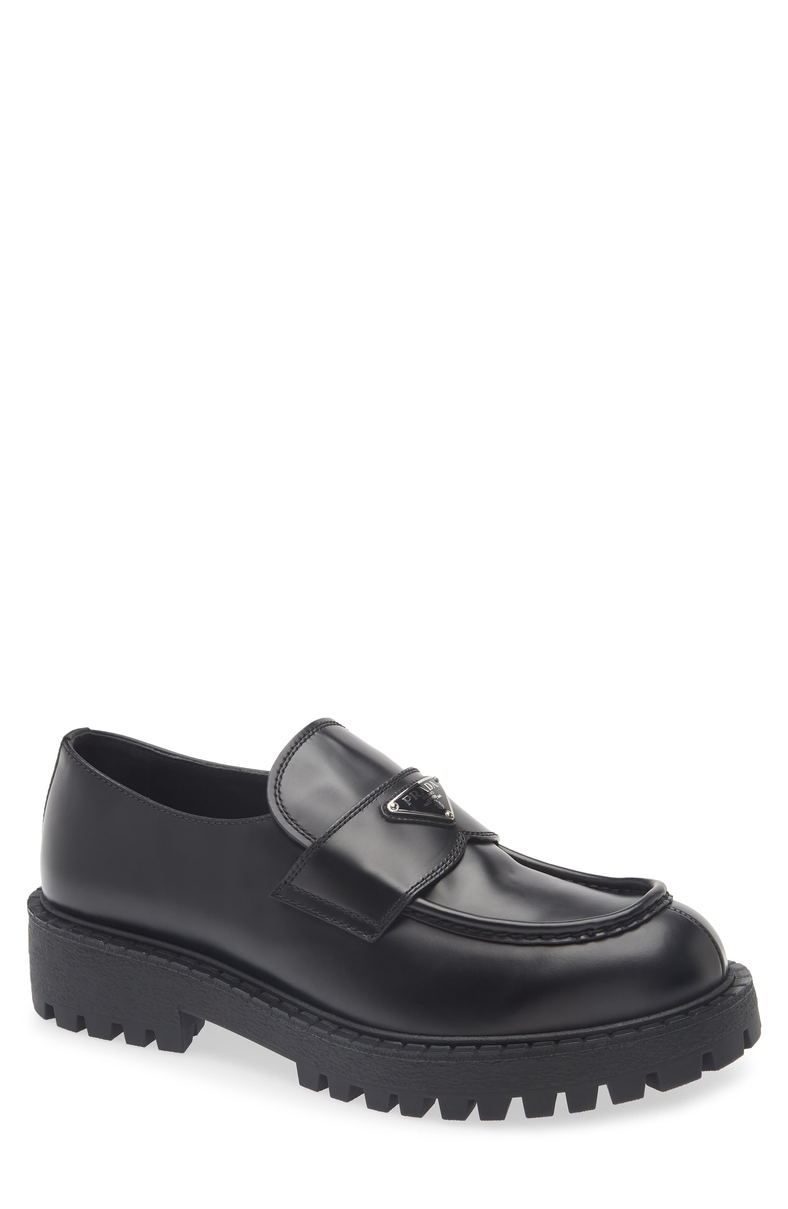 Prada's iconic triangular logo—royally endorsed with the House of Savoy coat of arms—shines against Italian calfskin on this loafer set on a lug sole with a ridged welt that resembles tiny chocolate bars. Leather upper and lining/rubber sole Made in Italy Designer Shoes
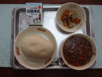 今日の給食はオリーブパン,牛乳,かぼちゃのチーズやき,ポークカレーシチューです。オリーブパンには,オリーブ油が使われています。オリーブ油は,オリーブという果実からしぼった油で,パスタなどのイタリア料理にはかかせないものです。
--
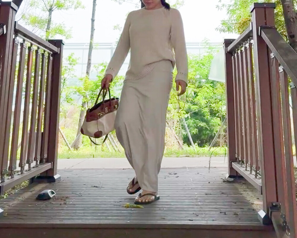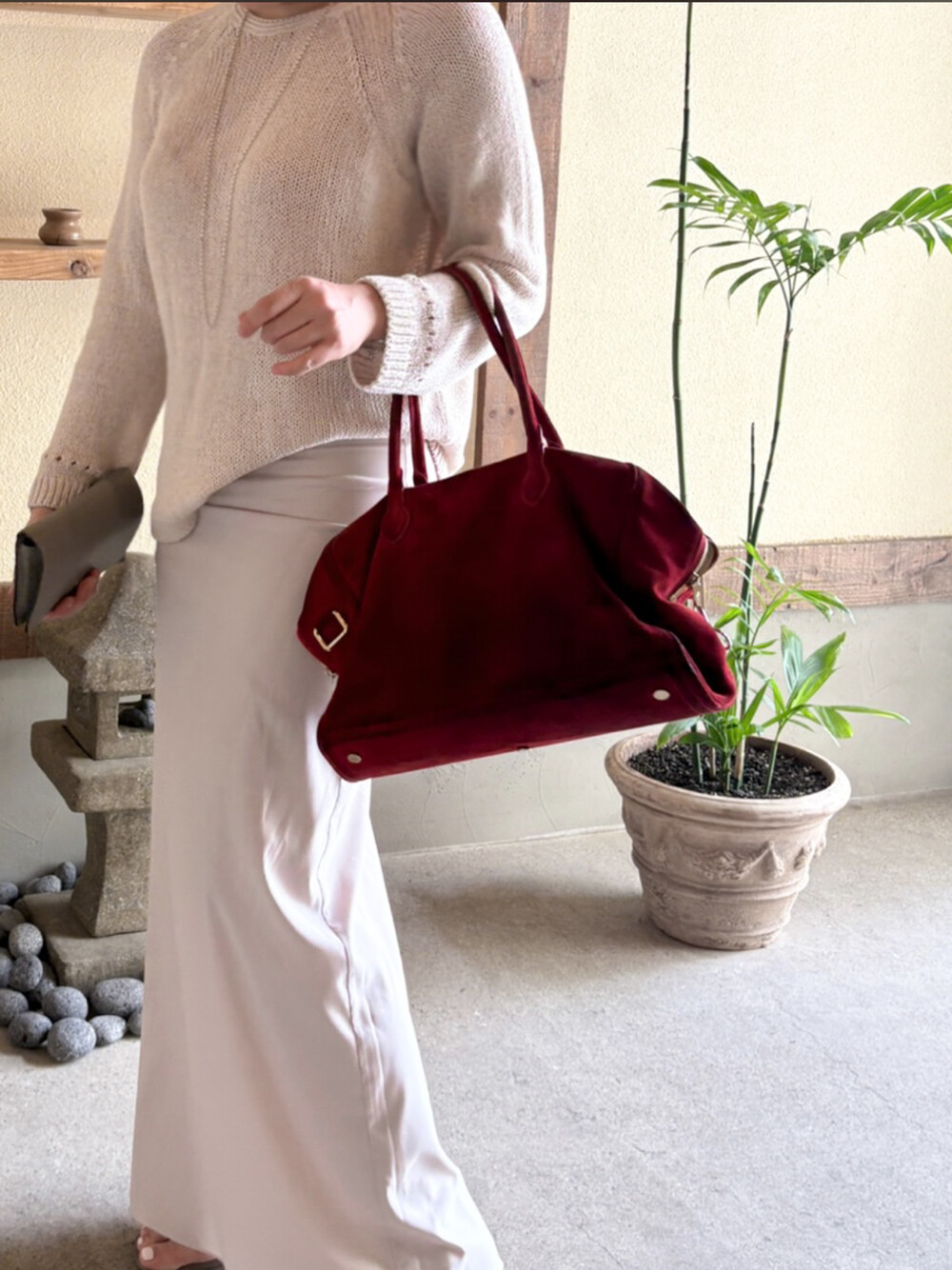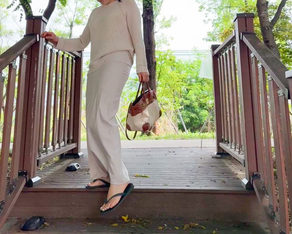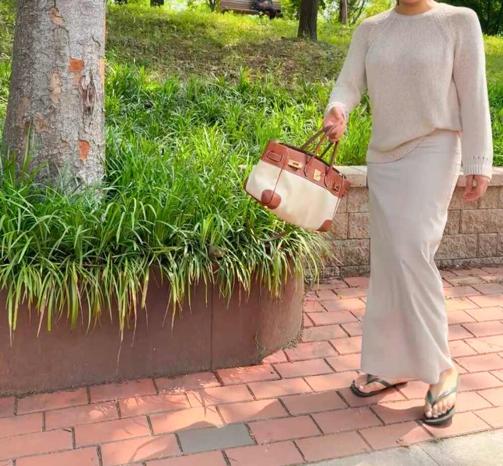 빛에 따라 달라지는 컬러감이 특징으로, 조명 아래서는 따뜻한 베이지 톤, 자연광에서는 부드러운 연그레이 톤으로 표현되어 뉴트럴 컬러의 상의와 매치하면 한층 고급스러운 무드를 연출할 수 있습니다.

**Exercise details**
Print, exactly, each line above from the one with "Prada's iconic triangular" to the one with "今日の給食はオリーブパン,牛", end lines included. Leave pictures out of it.

**Response box**
 Prada's iconic triangular logo—royally endorsed with the House of Savoy coat of arms—shines against Italian calfskin on this loafer set on a lug sole with a ridged welt that resembles tiny chocolate bars. Leather upper and lining/rubber sole Made in Italy Designer Shoes
 今日の給食はオリーブパン,牛乳,かぼちゃのチーズやき,ポークカレーシチューです。オリーブパンには,オリーブ油が使われています。オリーブ油は,オリーブという果実からしぼった油で,パスタなどのイタリア料理にはかかせないものです。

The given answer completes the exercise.